Da ist der Pharisäer, der stolzen Herzens dafür dankt, dass er ein so guter Mensch ist. Und da ist der Zöllner, der reumütig nach unten blickt und ruft: „Gott, sei mir Sünder gnädig!“ Jeder der beiden sieht sich anderes. Auf die Sichtweise kommt es eben an.
Der Pharisäer schaut in seinem Beten Gott gar nicht an. Er sieht nur sich selbst und sein gutes Handeln. Gott wird zu einer Bauchredner-Puppe degradiert, die lediglich das bestätigen soll, was der Pharisäer ihm in den Mund legt.
Der Zöllner dagegen schaut auf Gott und versucht, aus dem Blickwinkel Gottes auf sich selbst zu schauen. Dabei geht ihm auf, dass er das Erbarmen Gottes für sich benötigt und so ruft er: „Gott, sei mir Sünder gnädig!“ – Auf die Sichtweise kommt es eben an.
Und wie sieht Gott uns an? Welche Sichtweise hat er von uns Menschen?

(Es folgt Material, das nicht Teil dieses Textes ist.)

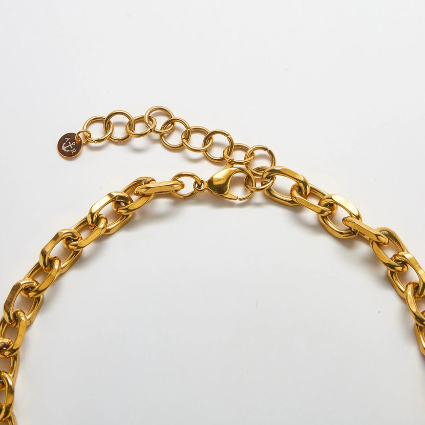 • Color: Gold Material: Gold plated over stainless steel chain and components

Darauf gib uns die Erzählung im Evangelium eine Antwort:
Gott schaut nicht auf das Äußere, sondern er blickt in das Herz des Menschen hinein. Er zählt nicht unsere vermeintlichen Leistungen und beantwortet sie mit Lohn oder Strafe. Er wendet sich dem zu, der sich ehrlich und wahrhaftig vor ihn stellt. Jesus bringt uns somit seinen Vater näher als einen Gott, vor dem wir Menschen sein dürfen, wie wir sind; vor dem wir uns nicht verstecken müssen, wenn in unserem Leben etwas nicht in Ordnung ist.
Dieser Gott lehnt uns nicht ab, auch wenn andere uns ausgrenzen oder auf uns herabblicken. Er ist ein Gott, der sich uns Menschen mit Barmherzigkeit zuwendet. Ein Gott, der ein offenes Herz hat für die Nöte und Sorgen. Ein Gott, der uns Leben ermöglichen möchte und Hoffnung zu teil werden lässt.

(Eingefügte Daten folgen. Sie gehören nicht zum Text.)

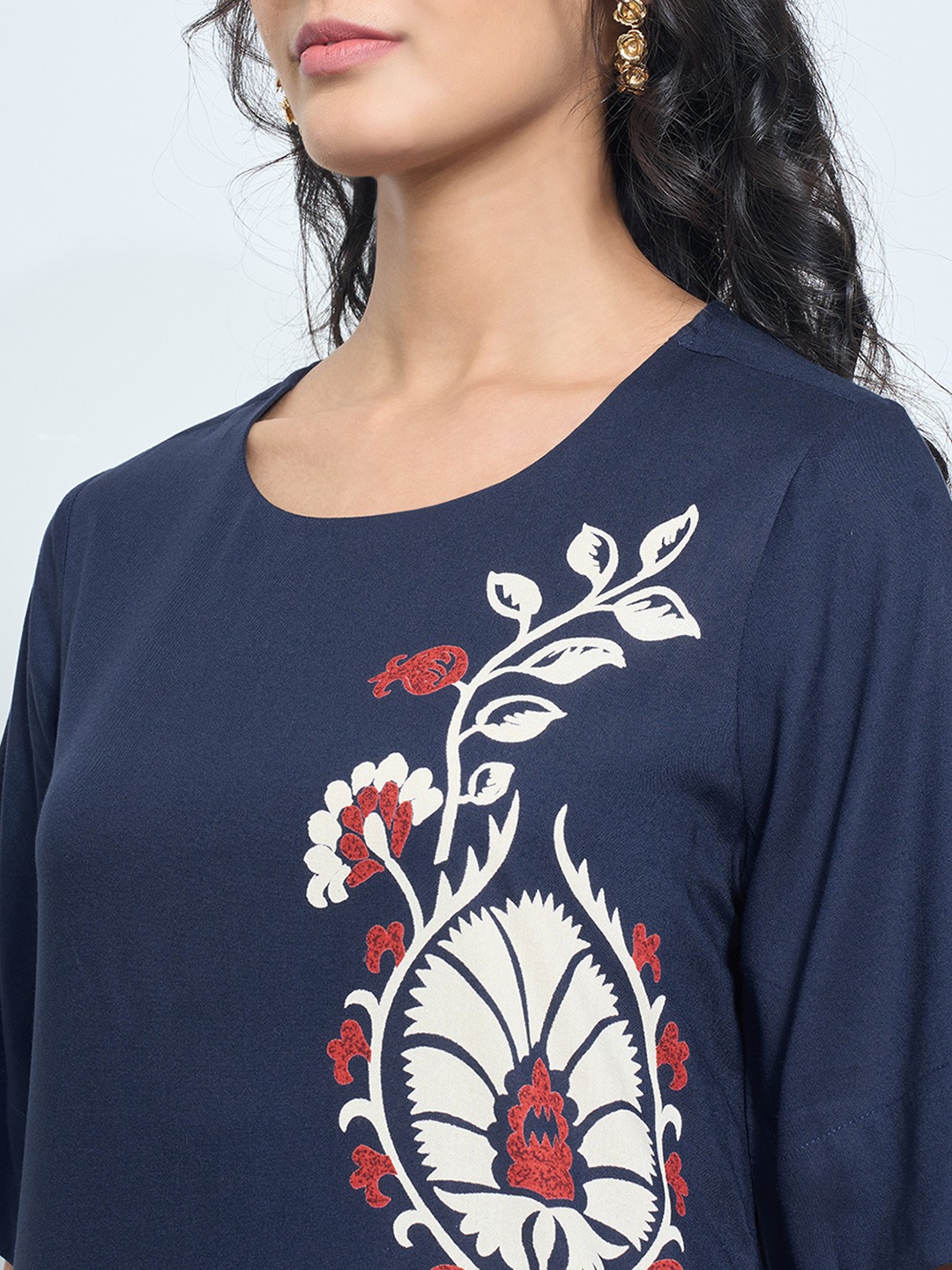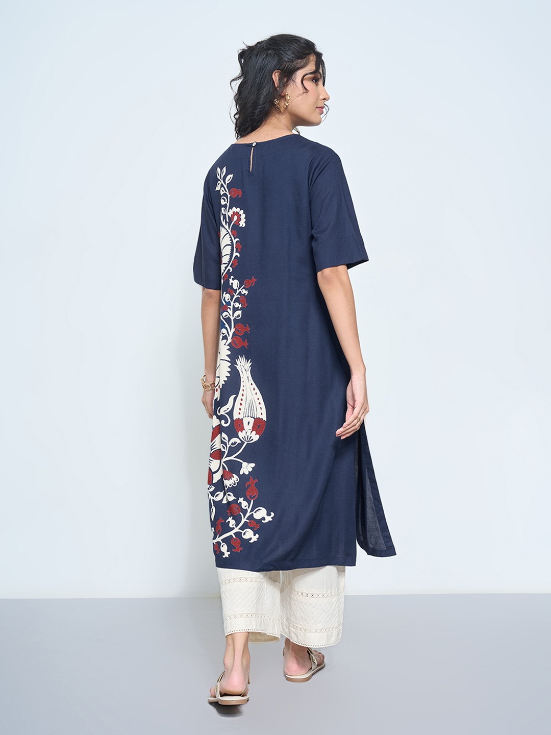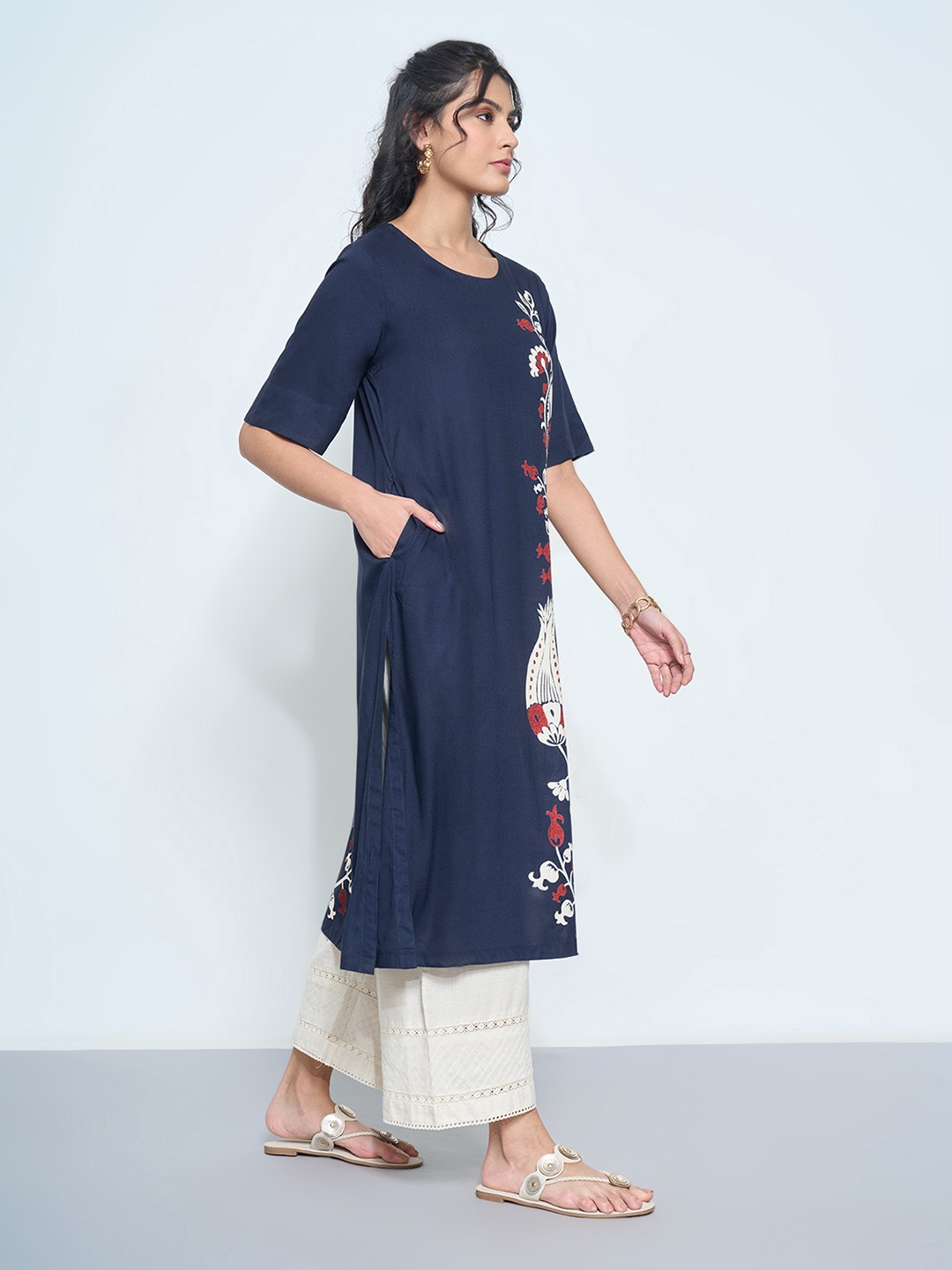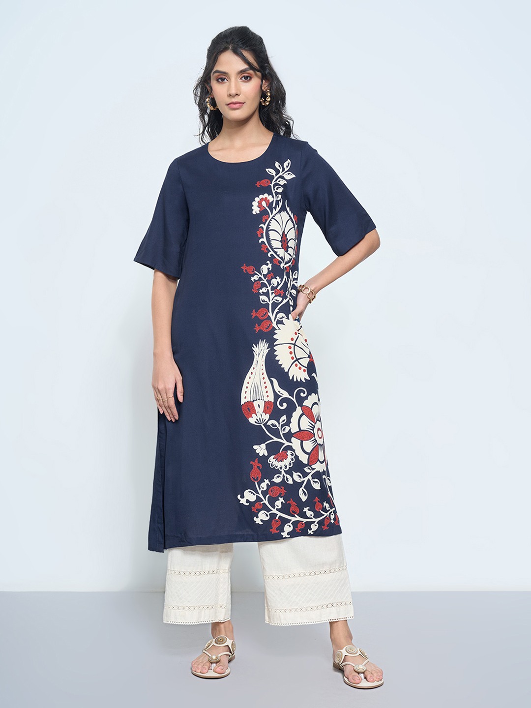 Refreshing and effortless, this kurta showcases a large-scale floral placement print in contrasting tones. Designed with a round neckline, elbow-length sleeves, and side slits for easy movement. The soft woven fabric drapes fluidly, offering everyday comfort with a touch of artistry.

„Ich will euch Zukunft und Hoffnung geben“. Dieses Leitwort des heutigen Weltmissionssonntages aus dem Mund des Propheten Jeremia ist auch die Hoffnungs- und Lebenszusage Jesu an die Menschen in den Elendsvierteln in Kenia, denen heute unsere Aufmerksamkeit, unser Gebet und unsere Solidarität gilt. Und es ist eine Hoffnungs- und Lebenszusage an uns alle.
Auf Gott zu schauen und von seiner Sichtweise aus auf uns und die Mitmenschen in unserem Umfeld und in der weiten Welt zu schauen, das kann hilfreich sein. Denn dann schauen wir mit den liebenden Augen Gottes auf die Welt, auf die Menschen, auf uns selbst. Dann können wir auch auf die Sorgen und Nöte der anderen Menschen, auf ihrer Unvollkommenheit schauen und barmherzig – gerecht mit ihnen umgehen.

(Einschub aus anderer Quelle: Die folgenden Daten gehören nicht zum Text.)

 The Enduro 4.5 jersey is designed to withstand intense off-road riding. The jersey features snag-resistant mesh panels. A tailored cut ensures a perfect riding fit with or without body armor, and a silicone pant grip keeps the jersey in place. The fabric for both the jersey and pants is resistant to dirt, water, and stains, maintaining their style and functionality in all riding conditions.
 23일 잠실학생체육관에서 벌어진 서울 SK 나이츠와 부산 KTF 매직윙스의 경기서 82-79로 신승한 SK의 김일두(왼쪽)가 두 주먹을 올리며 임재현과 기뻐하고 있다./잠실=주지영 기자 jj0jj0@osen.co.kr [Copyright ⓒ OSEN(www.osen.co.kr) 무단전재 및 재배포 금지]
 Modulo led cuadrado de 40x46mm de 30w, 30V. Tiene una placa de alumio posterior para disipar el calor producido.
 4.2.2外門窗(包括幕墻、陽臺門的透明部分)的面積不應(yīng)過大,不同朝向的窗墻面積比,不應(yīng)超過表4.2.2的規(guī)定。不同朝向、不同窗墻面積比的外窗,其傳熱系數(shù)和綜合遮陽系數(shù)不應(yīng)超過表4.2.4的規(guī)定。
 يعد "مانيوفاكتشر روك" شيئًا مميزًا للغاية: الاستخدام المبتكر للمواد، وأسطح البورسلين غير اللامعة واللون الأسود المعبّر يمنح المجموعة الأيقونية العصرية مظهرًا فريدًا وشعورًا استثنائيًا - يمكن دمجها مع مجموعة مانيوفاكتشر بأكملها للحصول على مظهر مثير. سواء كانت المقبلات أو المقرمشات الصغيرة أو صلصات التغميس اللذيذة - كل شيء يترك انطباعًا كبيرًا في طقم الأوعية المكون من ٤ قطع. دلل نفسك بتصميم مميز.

In diesem Sinne dürfen wir uns heute am Weltmissionssonntag in ganz besonderer Weise unserer Verantwortung als Christinnen und Christen bewusst werden. Schauen wir auf das Fundament unserer Schauen wir auf das Fundament unserer Sichtweise, das die Triebfeder unseres Betens und Handelns sein soll: nämlich die rechte und gerechte Beziehung zu Gott. So können wir einander Schwestern und Brüder im Glauben werden. Gott möge uns dabei behilflich sein und uns immer wieder neue Hoffnung und Zuversicht schenken.